Abstract: : Purpose: We have previously shown that adult hematopoietic stem cells (HSC) can function as hemangioblasts by making both blood cells and new retinal blood vessels (Nat Med 2002 8:607). Nitric oxide (NO) is one of the primary mediators of endothelial cell function and blood vessel formation. The role of NO in promoting angiogenesis has been controversial in part because of the complex regulation of NO, especially by the various NO synthetases (NOS). Besides vasodilatation, increased local NO stimulates proliferation and migration of endothelial cells. eNOS is constitutively expressed, promotes branching during vessel development, and mediates VEGF action. eNOS-deficient animals exhibit marked vascular pathology, decreased capillary density and decreased rates of angiogenesis. We assessed the role of NOS activity in the promotion of hematopoietic stem cell transdifferentiation into blood vessels.

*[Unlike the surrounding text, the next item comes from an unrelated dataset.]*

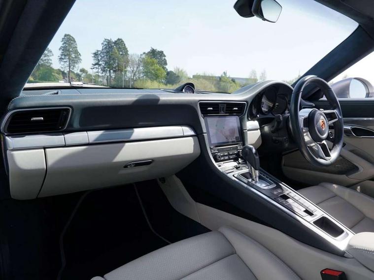 Mobile telephone preparation, On board computer, PCM voice control, Porsche communication management including navigation, Telephone module for PCM, Porsche Active Suspension Management (PASM), Porsche stability management (PSM), 2 USB ports, Auxiliary input socket, Connect Plus with Apple CarPlay, wireless internet access, Carfinder, Remote Vehicle Status and Remote Services, DAB Digital radio, SD card slot, Automatic headlamp levelling, Automatic headlights, Automatically extending rear spoiler, Body coloured bumpers, Electric front windows, Electrically adjustable and heated door mirrors, Green tinted heat insulating glass, Headlight washers, Heated rear window, Heated windscreen washers, Outer door sill guards in chrome-plated stainless, Welcome home function, Windscreen with grey top tint, 2 in-dash cupholders above glove compartment, 3 x 12V power sockets, Alcantara roof lining, Centre console storage, Clothes hooks on front seat backrests, Continuously variable dimming interior light, Dual zone automatic climate control, Extended headrests intergrated in front seats, Footwell illumination, Front centre armrest, Ignition Lock illumination, Interior orientation lighting, LED reading lights, Lockable glovebox, Manual height/reach adjust steering wheel, Pollen/active carbon filters, Rear centre armrest, Split folding rear seats, Sports seats, Storage compartments in doors, ABS, ASR + ABD, Driver/Front Passenger airbags, Electronic parking brake, Front head airbags, Front passenger airbag deactivation, Front seat thorax airbags, Front seatbelt pretensioners with force limiters, Height adjustable front seatbelts, Isofix location points on rear seats, Tyre pressure monitoring system, Alarm system with interior radar surveillance, Anti-theft wheel bolts, Porsche vehicle tracking system (VTS), Remote control central locking, Transponder engine immobiliser, Two stage locking, Sealing compound and compressor kit,

Methods: Wild type (WT), iNOS, and eNOS knockout (-/-) animals were transplanted with highly purified gfp+ stem cells. Long-term multilineage hematopoietic engraftment was confirmed at three months post-transplant by flow cytometry analysis of peripheral blood. Animals subsequently underwent our model of ischemic injury induction by intravitreal injection of rAAV-VEGF followed by laser ablation injury as previously described. Results: WT hemangioblast activity in adult iNOS-/- recipients resulted in the formation of small, highly branched blood vessels of donor origin. eNOS-/- recipients produced large, relatively unbranched blood vessels that were difficult to perfuse. eNOS-/- recipients also showed robust hemangioblast activity in tissues outside the retina, indicating that chronic injury is sufficient to induce HSC plasticity. Conclusions: Our earlier studies provided formal proof that endothelial progenitors are clonally derived and serially transplantable long-term reconstituting HSC. These experiments support that NOS activity at the site of vascular injury dictates the size and branch characteristics of new vessels formed in vivo. We demonstrated that modulation of the NO/NOS pathway alters the phenotype of blood vessels formed by hemangioblast activity in the retina.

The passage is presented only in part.